> **Data listing**
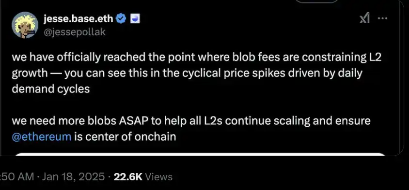 编者按:本文讨论了以太坊 L2 面临的 Blob 空间不足问题,随着 L2 链的增长,多个 L2 竞争有限的 Blob 存储,导致费用飙升,用户成本增加。即使通过 Pectra 升级将 Blob 数增至 6 个,问题也只能暂时缓解,无法根本解决。解决方案包括短期的 Pectra 升级、中期的 PeerDAS 实现和长期的 DA 扩展,但这些方案能否及时到位仍不确定。
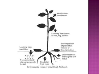 The document discusses allelopathy, which refers to biochemical interactions between plants, including inhibitory or stimulatory effects. It notes that allelopathy involves one living plant species producing chemicals that influence the growth or development of other plants or microorganisms. The document then lists some key points about allelopathy, including: common allelochemicals produced by plants; sites of allelochemical production; mechanisms of action; constraints to using allelopathy for weed management; and practical applications. It provides several examples of allelopathic effects from various plant species.
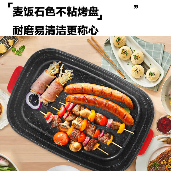 摩飞电器(Morphyrichards)二代升级多功能锅料理锅鸳鸯火锅5升定时预约烤肉涮一体蒸煮炒煎多用途电火锅MR9099 5L 清新绿套三【标配+六圆盘+平烤盘+丸子盘】
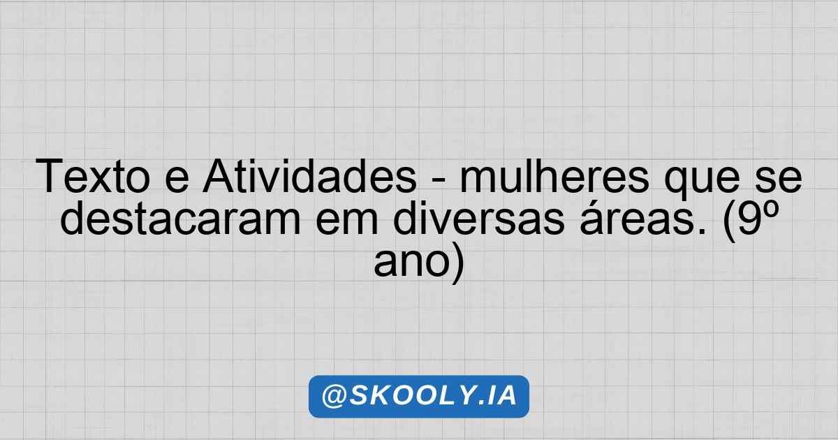 Texto e Atividades – mulheres que se destacaram em diversas áreas. (9º ano)
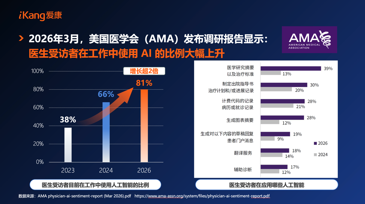在医疗领域,AI能够复制专家经验,有效弥补优质医疗资源供需失衡的现状,在疾病诊断、风险筛查等领域具备巨大应用潜力。美国医学会在2026年3月发布的最新调研数据也印证了这一趋势:2023年仅1/3美国医生使用AI,2024年升至2/3,如今这一比例已达81%,AI已逐步成为全球医生日常工作的重要辅助工具。
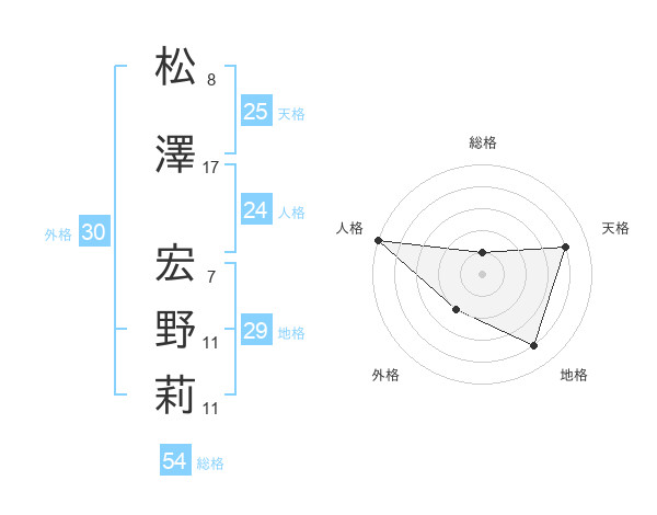 松澤 宏野莉さんを姓名の画数から五運を鑑定
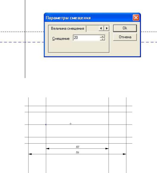 Смещение. Отметить горизонтальную линию и сместить указатель несколько выше ее. При этом штриховая линия, параллельная исходной, будет перемещаться вслед за указателем. Нажать клавишу «Пробел». В появившемся диалоговом окне (рис. 84,а) выбрать вкладку «Величина смещения». Ввести значение расстояния между линиями (радиус вала 20) и нажать кнопку «Ок».
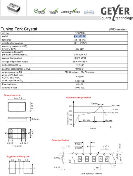 德國(guó)格耶晶振,KX-327RF貼片晶振,12.87166晶振,貼片表晶32.768KHZ晶振系列具有超小型,薄型,質(zhì)地輕的表面貼片音叉型石英晶體振蕩器,晶振產(chǎn)品本身具備優(yōu)良的耐熱性,耐環(huán)境特性,在辦公自動(dòng)化,家電領(lǐng)域,移動(dòng)通信領(lǐng)域可發(fā)揮優(yōu)良的電氣特性,符合無(wú)鉛標(biāo)準(zhǔn),滿(mǎn)足無(wú)鉛焊接的回流溫度曲線要求,金屬外殼的石英晶振使得產(chǎn)品在封裝時(shí)能發(fā)揮比陶瓷晶振外殼更好的耐沖擊性能.
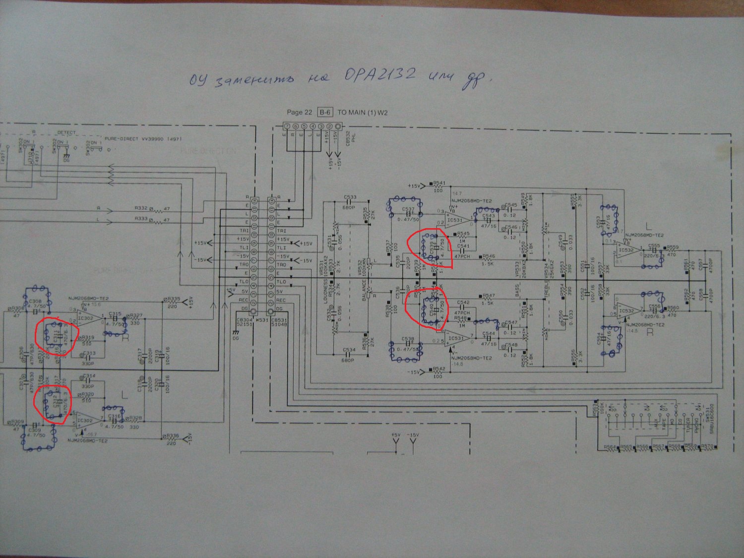 Была уже тема по модернизации 497й ямахи.Оттуда взял зарисовки модернизации, так как там всё похоже. Меня интересует на сколько оправдано закорачивание или удаление конденсаторов выделенных красным цветом.
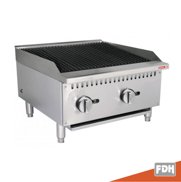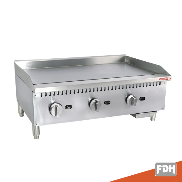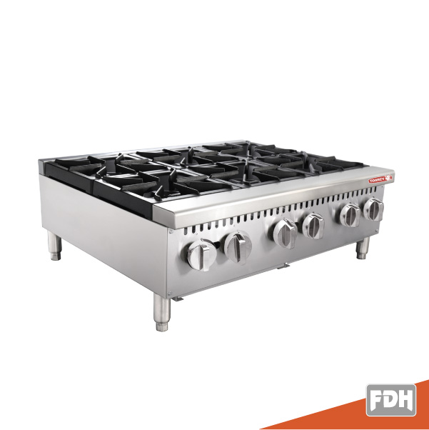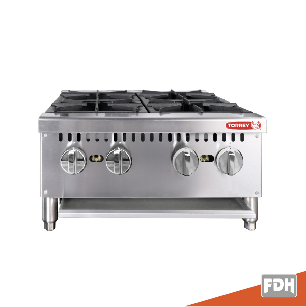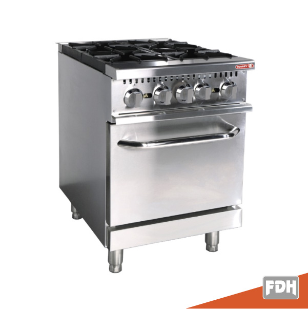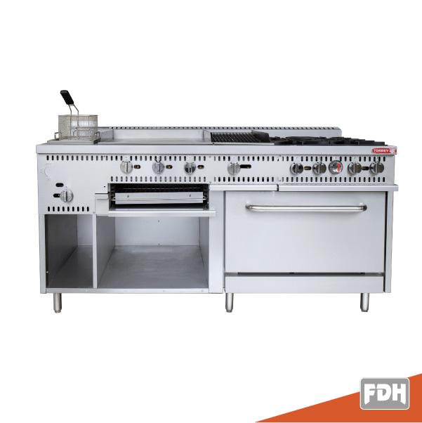 Estufa maestra de gas con parrillas, horno, freidora, plancha, asador y gratinador para solucionar todas tus necesidades de cocción en un sólo equipo integrado.
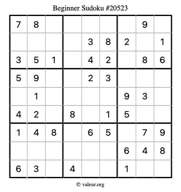 Here is our printable Beginner Sudoku Puzzle #20523. You are welcome to print a copy for yourself and solve it the old-fashioned way with a pencil and an eraser!
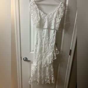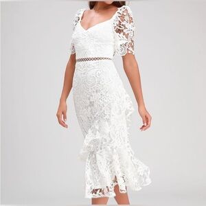 Lulu's White Sheath Dress Puff Sleeve Scoop Neck
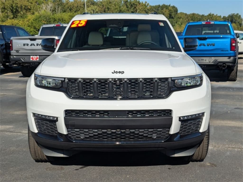 Well equipped with: Black Appearance Package (Gloss Black Exterior Accents and Wheels: 20" x 8.5" Gloss Black Painted Aluminum), Luxury Tech Group II (2nd Row Manual Window Shades, Auto-Dimming Exterior Driver Mirror, Capri Leatherette w/Axis II Seats, Integrated Off-Road Camera, Intersection Collision Assist System, Memory Steering Column, ParkSense Front/Rear Park Assist w/Stop, Passive Entry - Front/Rear Doors, Liftgate, Power Tilt/Telescope Steering Column, Rain Sensitive Windshield Wipers, Rear Back Up Camera Washer, Rearview Autodim Digital Display Mirror, Surround View Camera System, Ventilated Front Seats, and Wireless Charging Pad), Quick Order Package 22E, Trailer Tow Package (220 Amp Alternator, 7 & 4 Pin Wiring Harness, Automatic Headlamp Leveling System, Class IV Receiver Hitch, Dual Exhaust Tips, Heavy-Duty Engine Cooling, Rear Load Leveling Suspension, and Trailer Hitch Zoom), 3.45 Rear Axle Ratio, 3rd row seats: split-bench, 4-Wheel Disc Brakes, 506 Watt Amplifier, 6 Speakers, 9 Amplified Speakers w/Subwoofer, ABS brakes, Active Noise Control System, Air Conditioning, Alloy wheels, AM/FM radio: SiriusXM with 360L, Anti-whiplash front head restraints, Audio memory, Auto High-beam Headlights, Automatic temperature control, Brake assist, Bumpers: body-color, Capri Leatherette Seats, Compass, Delay-off headlights, Driver door bin, Driver vanity mirror, Dual front impact airbags, Dual front side impact airbags, Dual-Pane Panoramic Sunroof, Electronic Stability Control, Emergency communication system, Four wheel independent suspension, Front anti-roll bar, Front Bucket Seats, Front Center Armrest w/Storage, Front dual zone A/C, Front fog lights, Front License Plate Bracket, Front reading lights, Fully automatic headlights, Garage door transmitter, Heated door mirrors, Heated front seats, Heated rear seats, Heated steering wheel, Illuminated entry, Interior Rear Facing Camera, Knee airbag, Low tire pressure warning, Manual Fold Seatbacks, Memory seat, Model Year Tracking, Navigation System, Normal Duty Suspension, Occupant sensing airbag, Outside temperature display, Overhead airbag, Overhead console, Panic alarm, ParkView Rear Back-Up Camera, Passenger door bin, Passenger vanity mirror, Power door mirrors, Power driver seat, Power Liftgate, Power passenger seat, Power steering, Power windows, Radio data system, Radio: Uconnect 5 Nav w/10.1" Display, Rear air conditioning, Rear anti-roll bar, Rear reading lights, Rear window defroster, Rear window wiper, Reclining 3rd row seat, Remote keyless entry, Security system, Speed control, Speed-Sensitive Wipers, Split folding rear seat, Spoiler, Steering wheel mounted audio controls, Tachometer, Telescoping steering wheel, Tilt steering wheel, Traction control, Trip computer, Turn signal indicator mirrors, Variably intermittent wipers, Voltmeter, and Wheels: 18" x 8.0" Polished/Painted Aluminum. Price includes: $1750 - 2025 South BC Retail Bonus Cash . Exp. 11/03/2025 $2000 - 2025 National Retail Bonus Cash . Exp. 11/03/2025 $500 - 2025 National Jeep Monopoly Money Bonus Cash . Exp. 11/03/2025 $750 - 2025 South BC SFS Retail Bonus Cash. Exp. 11/03/2025
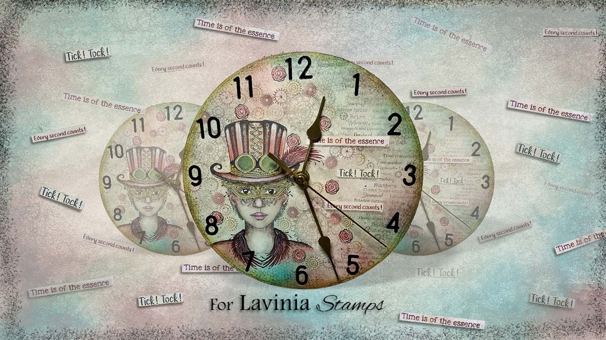 For my tutorial today, I am doing something different. I have thoroughly enjoyed working with the new stamps and I decided to make a working clock to have in my craft area. I am using Acrylic Sprays to make my Background and then I am using the beautiful Zia with her Masquerade mask that is full of detail. The Small set of angel wings I have used as a feather for her hat and for like a collar on a jacket. Then I will be doing some stamping in 2nd generation of stamping using some of those cogs and texture stamps and those are fabulous to use.

> **Requirement**
What the records say must be written out exactly, with none of their pictures.

> **Output for this exercise**
 编者按:本文讨论了以太坊 L2 面临的 Blob 空间不足问题,随着 L2 链的增长,多个 L2 竞争有限的 Blob 存储,导致费用飙升,用户成本增加。即使通过 Pectra 升级将 Blob 数增至 6 个,问题也只能暂时缓解,无法根本解决。解决方案包括短期的 Pectra 升级、中期的 PeerDAS 实现和长期的 DA 扩展,但这些方案能否及时到位仍不确定。
 The document discusses allelopathy, which refers to biochemical interactions between plants, including inhibitory or stimulatory effects. It notes that allelopathy involves one living plant species producing chemicals that influence the growth or development of other plants or microorganisms. The document then lists some key points about allelopathy, including: common allelochemicals produced by plants; sites of allelochemical production; mechanisms of action; constraints to using allelopathy for weed management; and practical applications. It provides several examples of allelopathic effects from various plant species.
 摩飞电器(Morphyrichards)二代升级多功能锅料理锅鸳鸯火锅5升定时预约烤肉涮一体蒸煮炒煎多用途电火锅MR9099 5L 清新绿套三【标配+六圆盘+平烤盘+丸子盘】
 Texto e Atividades – mulheres que se destacaram em diversas áreas. (9º ano)
在医疗领域,AI能够复制专家经验,有效弥补优质医疗资源供需失衡的现状,在疾病诊断、风险筛查等领域具备巨大应用潜力。美国医学会在2026年3月发布的最新调研数据也印证了这一趋势:2023年仅1/3美国医生使用AI,2024年升至2/3,如今这一比例已达81%,AI已逐步成为全球医生日常工作的重要辅助工具。
 松澤 宏野莉さんを姓名の画数から五運を鑑定
 Смещение. Отметить горизонтальную линию и сместить указатель несколько выше ее. При этом штриховая линия, параллельная исходной, будет перемещаться вслед за указателем. Нажать клавишу «Пробел». В появившемся диалоговом окне (рис. 84,а) выбрать вкладку «Величина смещения». Ввести значение расстояния между линиями (радиус вала 20) и нажать кнопку «Ок».
 德國(guó)格耶晶振,KX-327RF貼片晶振,12.87166晶振,貼片表晶32.768KHZ晶振系列具有超小型,薄型,質(zhì)地輕的表面貼片音叉型石英晶體振蕩器,晶振產(chǎn)品本身具備優(yōu)良的耐熱性,耐環(huán)境特性,在辦公自動(dòng)化,家電領(lǐng)域,移動(dòng)通信領(lǐng)域可發(fā)揮優(yōu)良的電氣特性,符合無(wú)鉛標(biāo)準(zhǔn),滿(mǎn)足無(wú)鉛焊接的回流溫度曲線要求,金屬外殼的石英晶振使得產(chǎn)品在封裝時(shí)能發(fā)揮比陶瓷晶振外殼更好的耐沖擊性能.
 Была уже тема по модернизации 497й ямахи.Оттуда взял зарисовки модернизации, так как там всё похоже. Меня интересует на сколько оправдано закорачивание или удаление конденсаторов выделенных красным цветом.
 Estufa maestra de gas con parrillas, horno, freidora, plancha, asador y gratinador para solucionar todas tus necesidades de cocción en un sólo equipo integrado.
 Here is our printable Beginner Sudoku Puzzle #20523. You are welcome to print a copy for yourself and solve it the old-fashioned way with a pencil and an eraser!
 Lulu's White Sheath Dress Puff Sleeve Scoop Neck
 Well equipped with: Black Appearance Package (Gloss Black Exterior Accents and Wheels: 20" x 8.5" Gloss Black Painted Aluminum), Luxury Tech Group II (2nd Row Manual Window Shades, Auto-Dimming Exterior Driver Mirror, Capri Leatherette w/Axis II Seats, Integrated Off-Road Camera, Intersection Collision Assist System, Memory Steering Column, ParkSense Front/Rear Park Assist w/Stop, Passive Entry - Front/Rear Doors, Liftgate, Power Tilt/Telescope Steering Column, Rain Sensitive Windshield Wipers, Rear Back Up Camera Washer, Rearview Autodim Digital Display Mirror, Surround View Camera System, Ventilated Front Seats, and Wireless Charging Pad), Quick Order Package 22E, Trailer Tow Package (220 Amp Alternator, 7 & 4 Pin Wiring Harness, Automatic Headlamp Leveling System, Class IV Receiver Hitch, Dual Exhaust Tips, Heavy-Duty Engine Cooling, Rear Load Leveling Suspension, and Trailer Hitch Zoom), 3.45 Rear Axle Ratio, 3rd row seats: split-bench, 4-Wheel Disc Brakes, 506 Watt Amplifier, 6 Speakers, 9 Amplified Speakers w/Subwoofer, ABS brakes, Active Noise Control System, Air Conditioning, Alloy wheels, AM/FM radio: SiriusXM with 360L, Anti-whiplash front head restraints, Audio memory, Auto High-beam Headlights, Automatic temperature control, Brake assist, Bumpers: body-color, Capri Leatherette Seats, Compass, Delay-off headlights, Driver door bin, Driver vanity mirror, Dual front impact airbags, Dual front side impact airbags, Dual-Pane Panoramic Sunroof, Electronic Stability Control, Emergency communication system, Four wheel independent suspension, Front anti-roll bar, Front Bucket Seats, Front Center Armrest w/Storage, Front dual zone A/C, Front fog lights, Front License Plate Bracket, Front reading lights, Fully automatic headlights, Garage door transmitter, Heated door mirrors, Heated front seats, Heated rear seats, Heated steering wheel, Illuminated entry, Interior Rear Facing Camera, Knee airbag, Low tire pressure warning, Manual Fold Seatbacks, Memory seat, Model Year Tracking, Navigation System, Normal Duty Suspension, Occupant sensing airbag, Outside temperature display, Overhead airbag, Overhead console, Panic alarm, ParkView Rear Back-Up Camera, Passenger door bin, Passenger vanity mirror, Power door mirrors, Power driver seat, Power Liftgate, Power passenger seat, Power steering, Power windows, Radio data system, Radio: Uconnect 5 Nav w/10.1" Display, Rear air conditioning, Rear anti-roll bar, Rear reading lights, Rear window defroster, Rear window wiper, Reclining 3rd row seat, Remote keyless entry, Security system, Speed control, Speed-Sensitive Wipers, Split folding rear seat, Spoiler, Steering wheel mounted audio controls, Tachometer, Telescoping steering wheel, Tilt steering wheel, Traction control, Trip computer, Turn signal indicator mirrors, Variably intermittent wipers, Voltmeter, and Wheels: 18" x 8.0" Polished/Painted Aluminum. Price includes: $1750 - 2025 South BC Retail Bonus Cash . Exp. 11/03/2025 $2000 - 2025 National Retail Bonus Cash . Exp. 11/03/2025 $500 - 2025 National Jeep Monopoly Money Bonus Cash . Exp. 11/03/2025 $750 - 2025 South BC SFS Retail Bonus Cash. Exp. 11/03/2025
 For my tutorial today, I am doing something different. I have thoroughly enjoyed working with the new stamps and I decided to make a working clock to have in my craft area. I am using Acrylic Sprays to make my Background and then I am using the beautiful Zia with her Masquerade mask that is full of detail. The Small set of angel wings I have used as a feather for her hat and for like a collar on a jacket. Then I will be doing some stamping in 2nd generation of stamping using some of those cogs and texture stamps and those are fabulous to use.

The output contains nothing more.